This distribution contains:

  • doc — contains documents about Falderal. For the specification of the file format, see doc/Falderal_Literate_Test_Format.markdown. (Note that this specification should not be expected to remain stable through the 0.x version series.) There are other documents in there too.
  • bin/falderal — the reference implementation of Falderal, written in Python and sometimes referred to as "py-falderal". It imports the sources in src/falderal.
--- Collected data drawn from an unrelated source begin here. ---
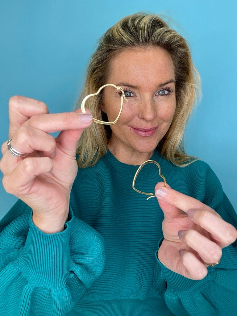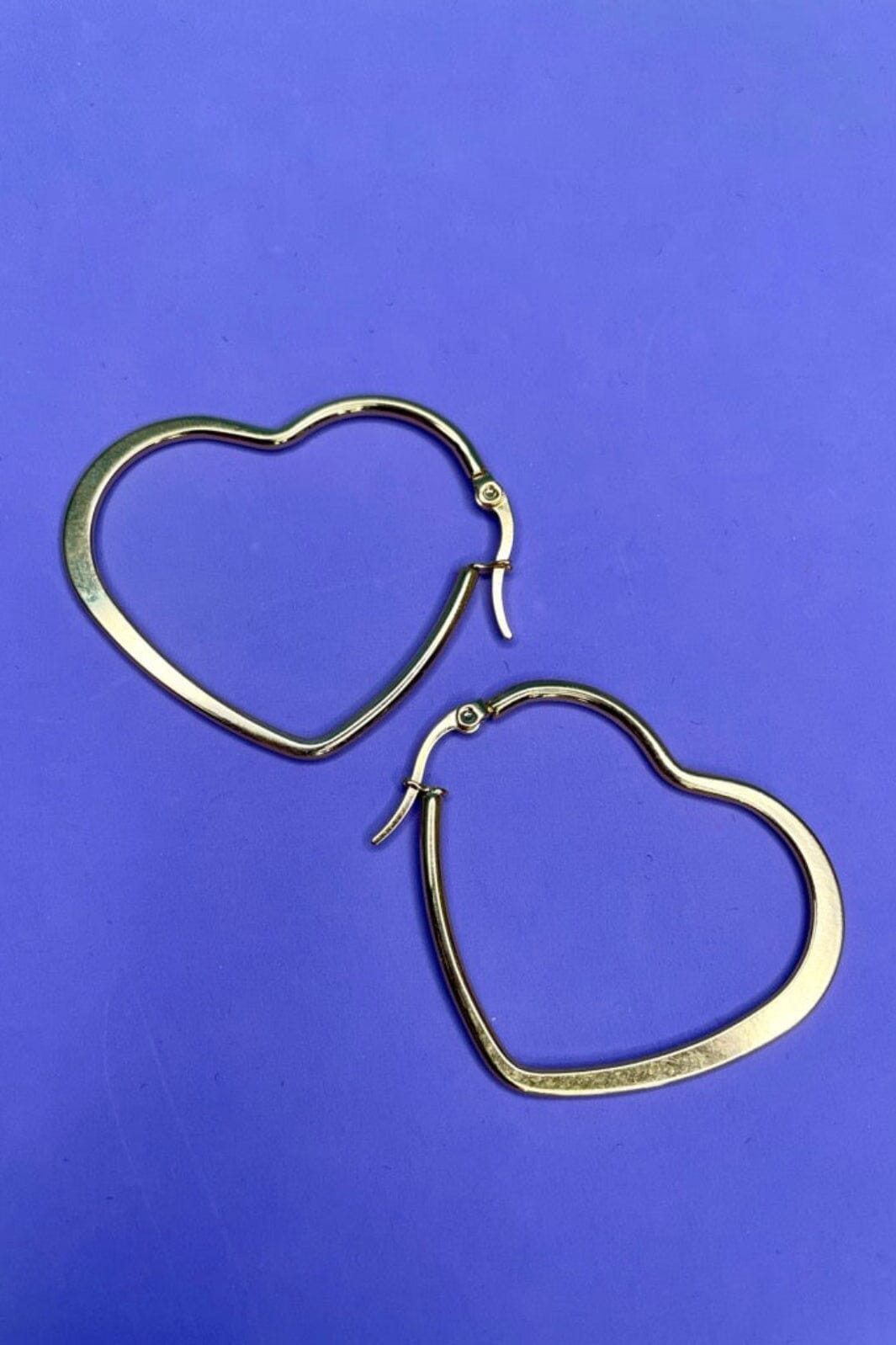 Herzförmige Ohrringe von Mellow Moon aus vergoldetem Messing. Die Schmuckstücke sind nickel- und bleifrei, was sie für empfindliche Haut geeignet macht.
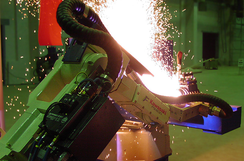 Pramoninis robotas yra aprūpintas šiuolaikiniu didelio našumo inverteriniu plazminio pjovimo šaltiniu.
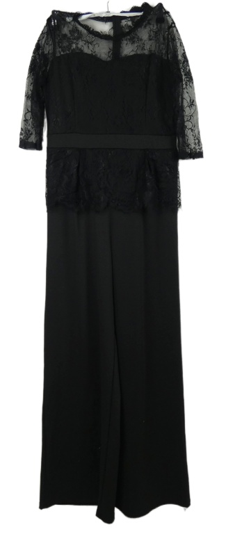 Dámský černý společenský kalhotový overal s krajkovým živůtkem
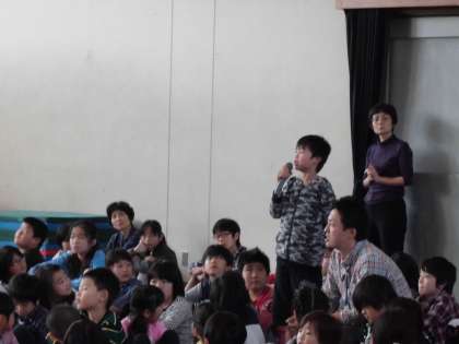 今日は,5年生の発表がありました。道徳の時間に『となりのしげちゃん』という資料を通して,学んだことや考えたことを全校児童の前で堂々と発表してくれました。「障害があっても,成長はゆっくりでも,感じる心は同じなんだ。」「相手の立場に立って自分に何ができるか考え,実際に出来ることをやっていきたい。」という思いが伝わりました。
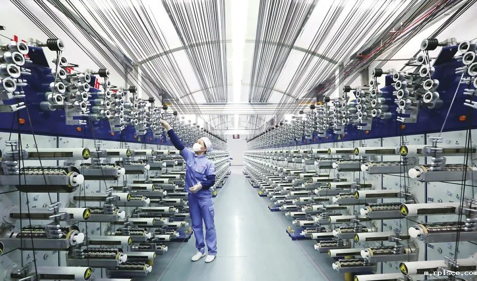 rplsco西宁万吨碳纤维生产基地的车间,工人正在检查智能化生产线卷绕情况
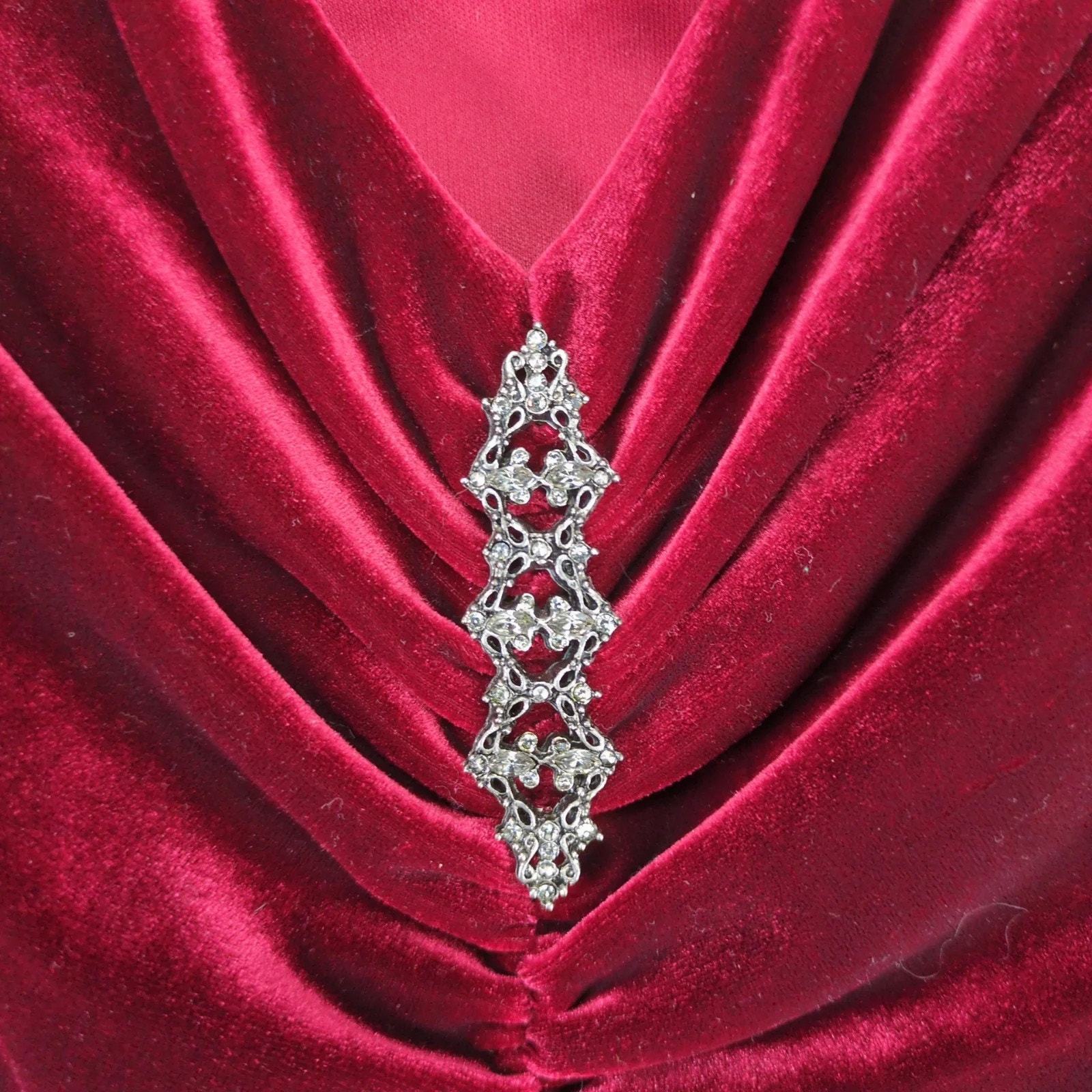 Vtg Liz Claiborne Red Velvet Dress Sz 12 Ruched Sleeveless Rhinestone Brooch
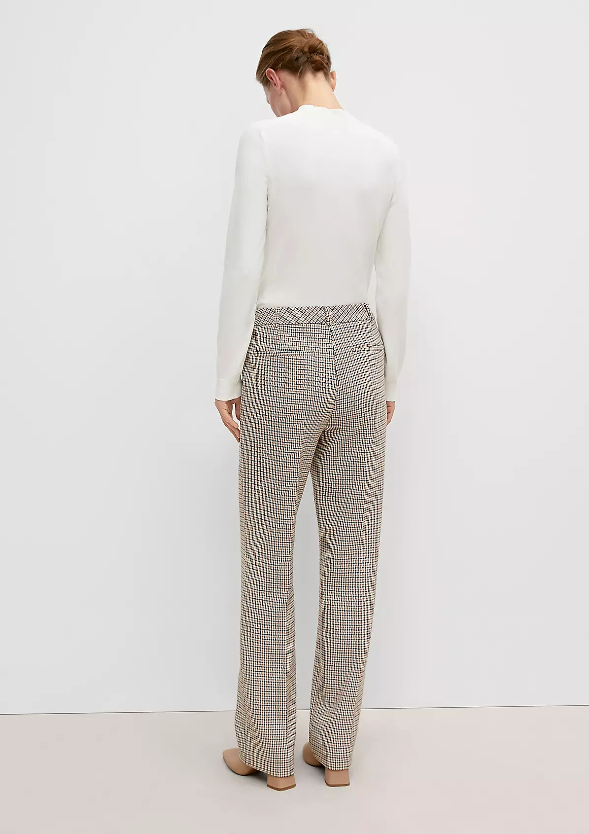 На сайте указаны российские размеры. Брюки классического кроя принта гусиная лапка. Застежка: молния, пуговица, крючок. Впереди прорезной карман, сзади ложный. Длина штанины по внутренней стороне для размера 42 около 78 см. Рост модели: 179 см
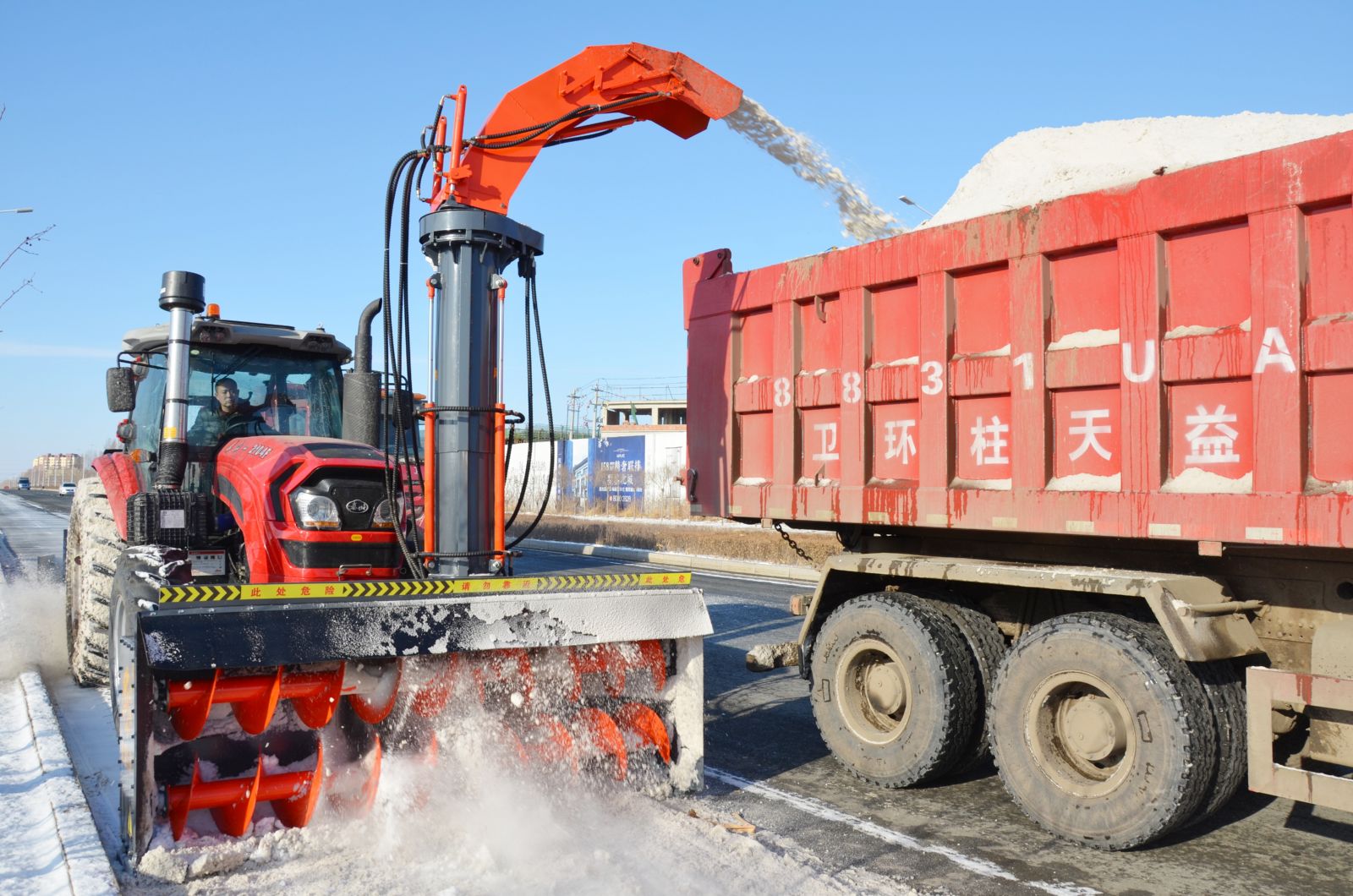 由离心式风扇强力吸入,通过抛雪口抛出到空旷地面或沟渠,也可直接将积雪装车;有效的达到除雪效果,达到快速

You don't need to install it; just add the bin directory of this distribution to your $PATH. This implementation is (somewhat) documented in doc/py-falderal.markdown.
  • src — source code for py-falderal.
  • impl/Test.Falderal — a (lagging, and not conformant) implementation of Falderal in Haskell.
  • tests — a set of tests for Falderal itself. (Note that these are not written in Falderal, as that would just be too confusing.)
  • HISTORY.markdown — changelog for releases of Falderal.
  • TODO.markdown — areas where Falderal and its implementations could be improved.

Development

Falderal development is hosted on Bitbucket with a git mirror of the repository on Github.

Official release distfiles are available on the Falderal project page at Cat's Eye Technologies.

Projects using Falderal

(NOTE Actually, I'm sure this information can be extracted from Chrysoberyl somehow, so in the future, just link to that here.)

Exanoke, Flobnar, Hev, Iphigeneia, Madison, Pail, Pixley, PL-{GOTO}.NET, Robin, Quylthulg, Velo, and Xoomonk.

Xoomonk, Madison, Velo, and Exanoke are good examples of how a literate test suite can be useful in both describing a programming language through examples and testing that an implementation of the language does not violate the language specification.

Xoomonk, Madison, Velo, and Exanoke are, in fact, exercises in Test-Driven Language Design (TDLD), where the tests were written as part of designing the language, before any attempt at implementation; the others are more like traditional test suites, written after-the-fact.